Adam Optimizer


You’ve probably used Adam as your go to optimizer. But do you know why it works? In this article, we’ll unpack the Adam optimizer introduced in this paper. This post is for anyone who wants to deeply understand what is happening when they use Adam.
Adam is an optimizer that helps us efficiently converge on a set of parameters for a stochastic function that we want to minimize. In machine learning, we often use Adam to find the parameters of a model represented by a stochastic function that minimizes a loss function.
The motivation
We already have many variations of optimizers, therefore it is good to question why we need another. Here we will outline the core problems Adam addresses and the consequences of not addressing them.
Classic optimizers such as Stochastic Gradient Descent (SGD) only have one learning rate. Therefore when we have several parameters, the gradient of a parameter at a particular point in time can be vastly different from other parameters. In this situation when using one global learning rate, we take the same step size when updating a parameter, no matter what the gradient is. This means when some parameters could receive a more confident, larger update, we might be held back by needing to have smaller updates on more sensitive parameters. Of course, this is scaled by the gradient itself as it is multiplied by the learning rate, but this places an upper limit on what our global learning rate can be, as it needs to account for sensitive parameters that should receive smaller updates.

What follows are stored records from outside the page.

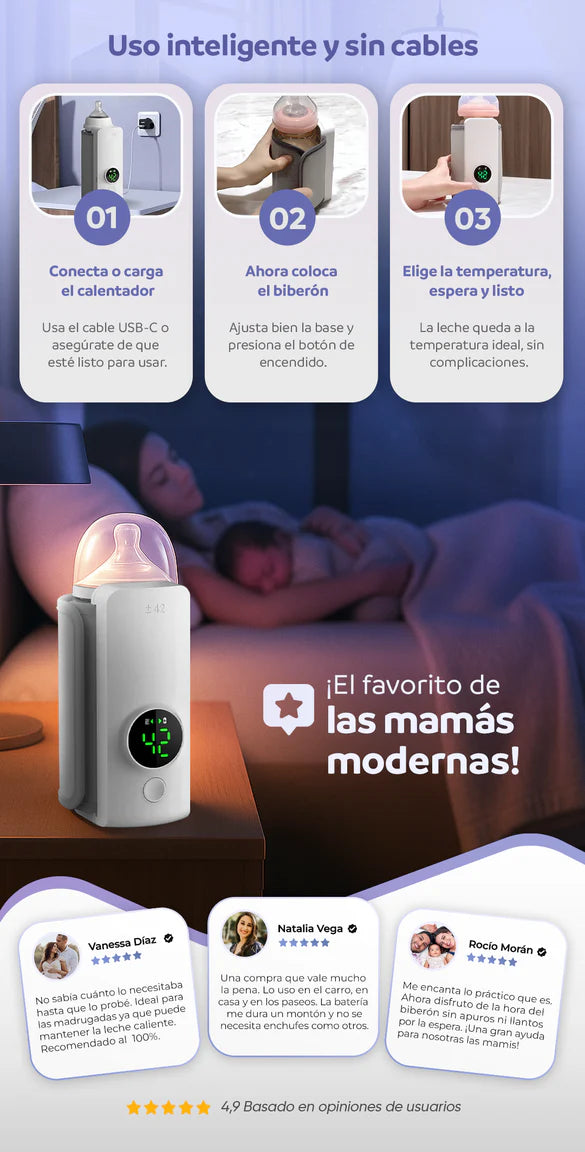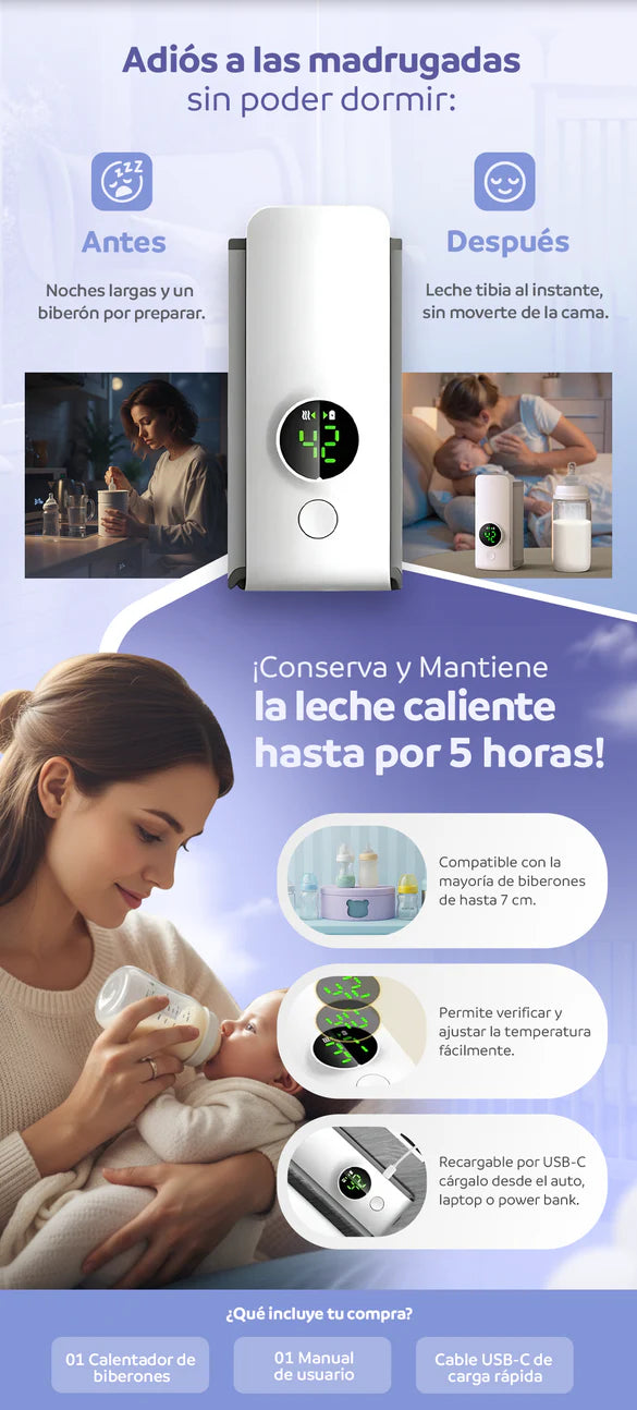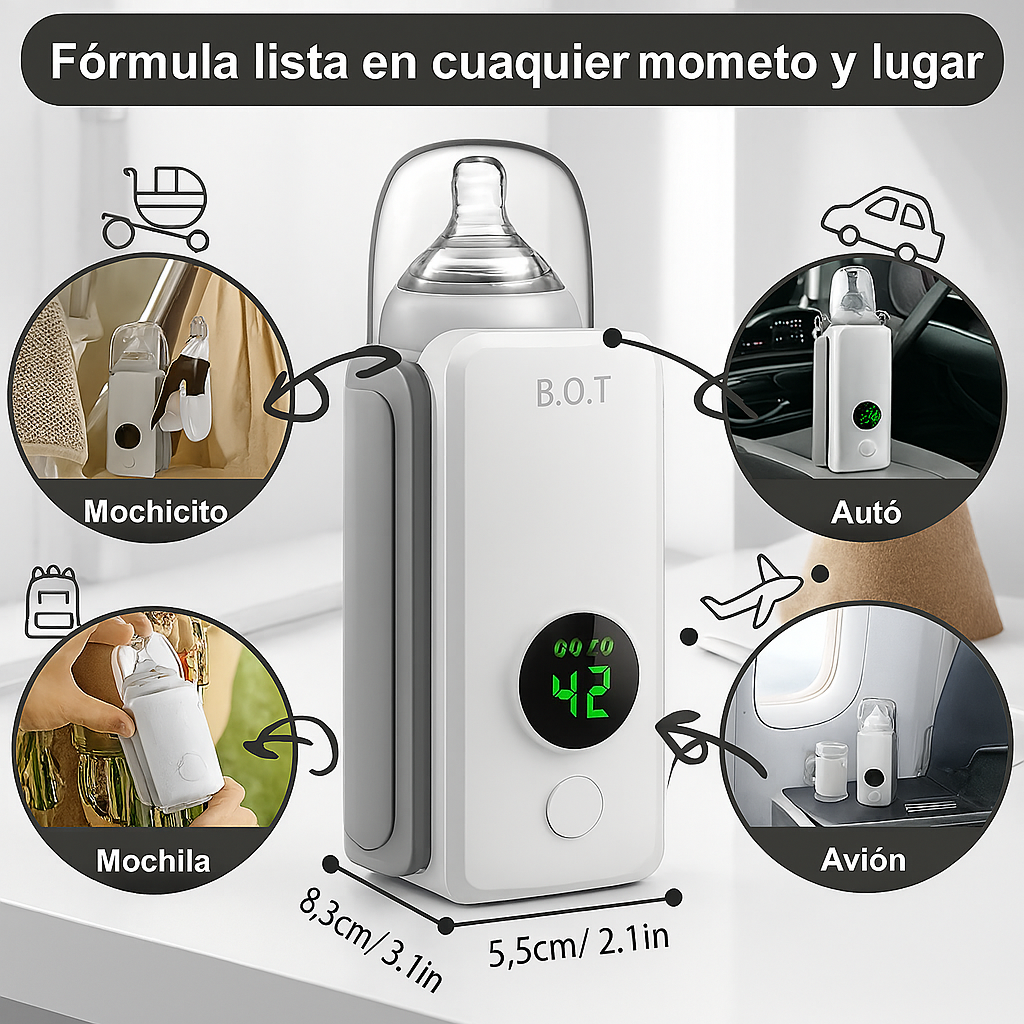 Nuestro calentador es compatible con la mayoría de biberones estándar de vidrio y plástico. Si usas un modelo específico, consúltanos y te confirmamos.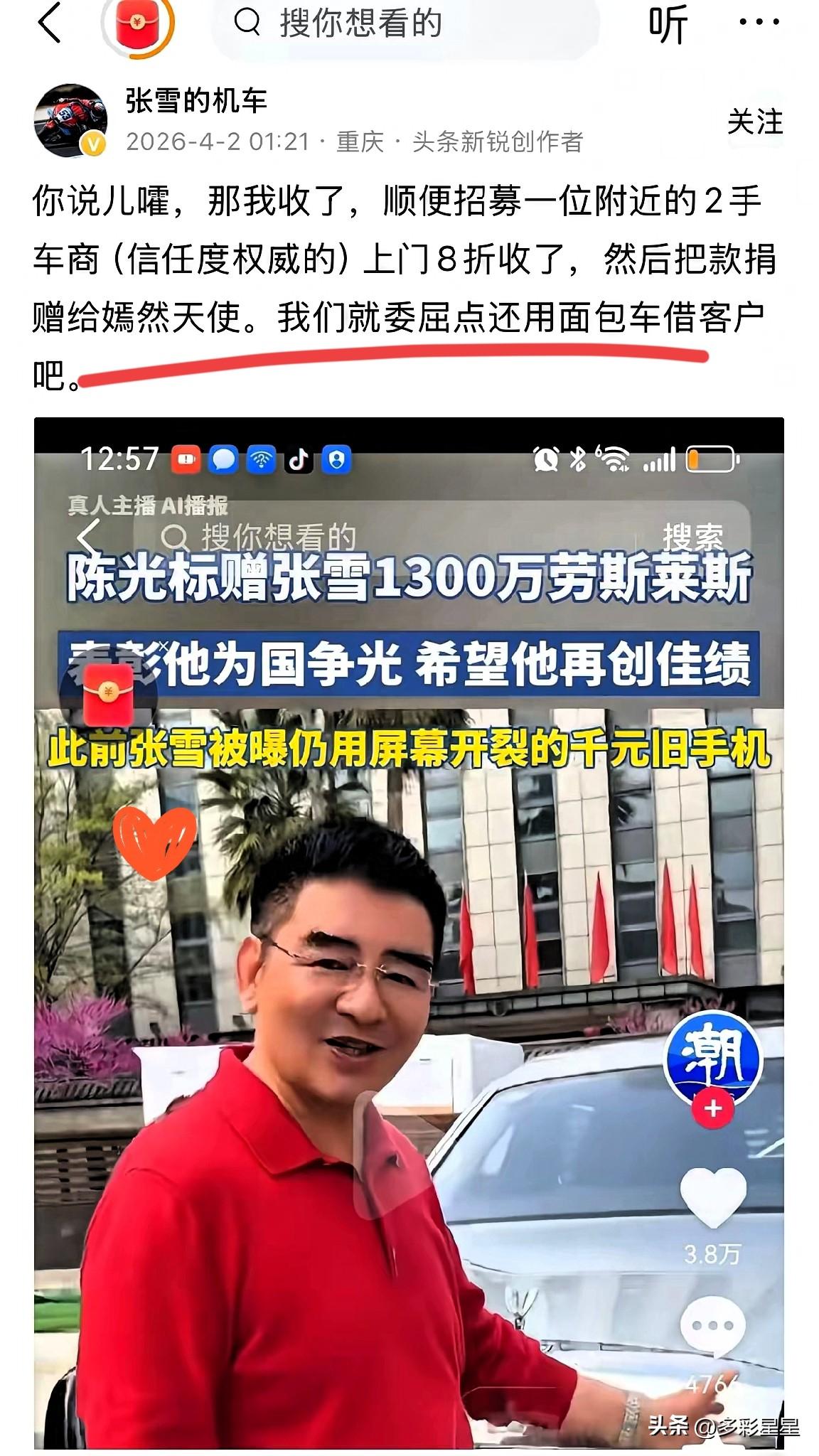 张雪机车回应标哥了。 之前标哥为了祝福张雪机车夺冠,发视频说要把他自己新买的一辆2026最新款的劳斯莱斯送给他。 之前为了祝贺张雪夺冠,标哥豪气放话,要送出最新款2026劳斯莱斯当作贺礼,不少人还以为只是场面话,没想到张雪真的认真接下了这份大礼。更让人意外的是,他没有选择自己留用,而是打算直接转手卖给二手车行,将全部卖车所得捐给嫣然基金,一分不留。 这波操作既接住了对方的心意,又用善意完成了升华,比起收下豪车炫富,这样的做法反而更圈粉,也让原本的祝福有了更实在的意义。这下轮到标哥哭笑不得了,原本只是一句祝福,没想到对方真敢接还这么会做。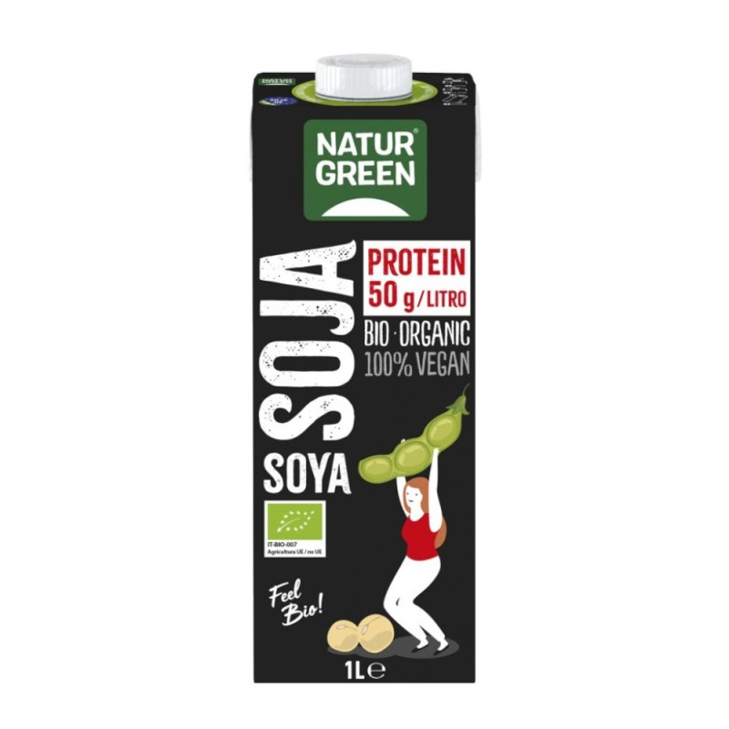 Bautura Vegetala Bio de Soia, Natur Green, cu Proteine, 1 l50 g de proteine per litruVeganFara lactozaFara glutenIngrediente: apa, soia (13%), zahar din trestie, aroma naturala de vanilie, sare de mare.Dupa deschidere se pastreaza la frigider si se consuma in termen de 5 zile.A se consuma de preferinta inainte de: a se vedea data inscriptionata pe ambalaj.

Whilst problem 1 highlights the desire to have multiple learning rates to allow parameters to individually update more confidently or more sensitively depending on their gradient at a point in time, there’s also a related issue over time for a single parameter. The gradient for each parameter will change over our training run, as expected, and we want to take large steps when the gradient is large and smaller steps when approaching a minimum. As previously discussed, having multiple learning rates allows this to vary across the model for each parameter, but it does not vary over time within one parameter, and we still have an upper bound on individual learning rates.
As previously noted with some optimizers like SGD we have to choose a learning rate, and its upper bound is dictated by small gradient step sizes. We can also select learning rates using trial and error, grid search and using learning rate schedules which are a predetermined schedule for adjusting the learning rate over time. All of these require some thought into selecting the learning rate.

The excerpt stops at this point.